# [Raw data]
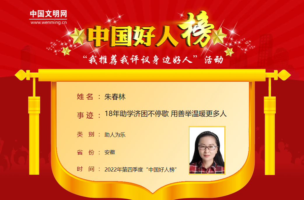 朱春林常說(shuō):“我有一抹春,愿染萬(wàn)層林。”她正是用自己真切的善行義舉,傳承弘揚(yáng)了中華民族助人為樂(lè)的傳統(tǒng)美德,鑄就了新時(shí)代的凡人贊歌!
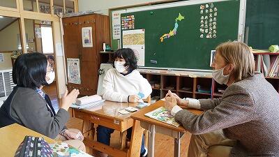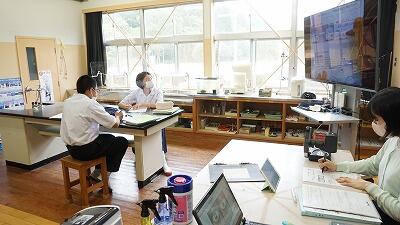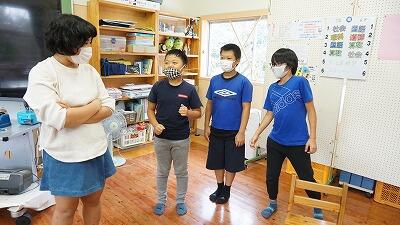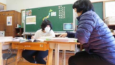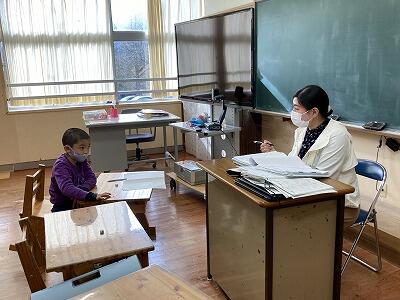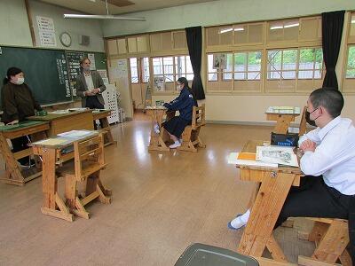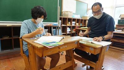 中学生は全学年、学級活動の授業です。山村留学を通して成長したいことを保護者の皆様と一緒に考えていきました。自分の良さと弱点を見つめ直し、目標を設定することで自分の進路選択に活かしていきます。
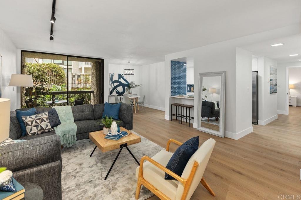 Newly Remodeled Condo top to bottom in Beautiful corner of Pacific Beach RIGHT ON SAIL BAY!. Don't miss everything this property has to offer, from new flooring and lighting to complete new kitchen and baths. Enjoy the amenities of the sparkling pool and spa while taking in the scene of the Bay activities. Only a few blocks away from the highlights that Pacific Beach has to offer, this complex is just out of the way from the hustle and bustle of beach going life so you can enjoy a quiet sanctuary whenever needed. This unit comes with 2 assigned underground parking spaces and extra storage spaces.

# [To do]
Excluding every picture, set down the listing exactly.

# [Written response]
 朱春林常說(shuō):“我有一抹春,愿染萬(wàn)層林。”她正是用自己真切的善行義舉,傳承弘揚(yáng)了中華民族助人為樂(lè)的傳統(tǒng)美德,鑄就了新時(shí)代的凡人贊歌!
 中学生は全学年、学級活動の授業です。山村留学を通して成長したいことを保護者の皆様と一緒に考えていきました。自分の良さと弱点を見つめ直し、目標を設定することで自分の進路選択に活かしていきます。
 Newly Remodeled Condo top to bottom in Beautiful corner of Pacific Beach RIGHT ON SAIL BAY!. Don't miss everything this property has to offer, from new flooring and lighting to complete new kitchen and baths. Enjoy the amenities of the sparkling pool and spa while taking in the scene of the Bay activities. Only a few blocks away from the highlights that Pacific Beach has to offer, this complex is just out of the way from the hustle and bustle of beach going life so you can enjoy a quiet sanctuary whenever needed. This unit comes with 2 assigned underground parking spaces and extra storage spaces.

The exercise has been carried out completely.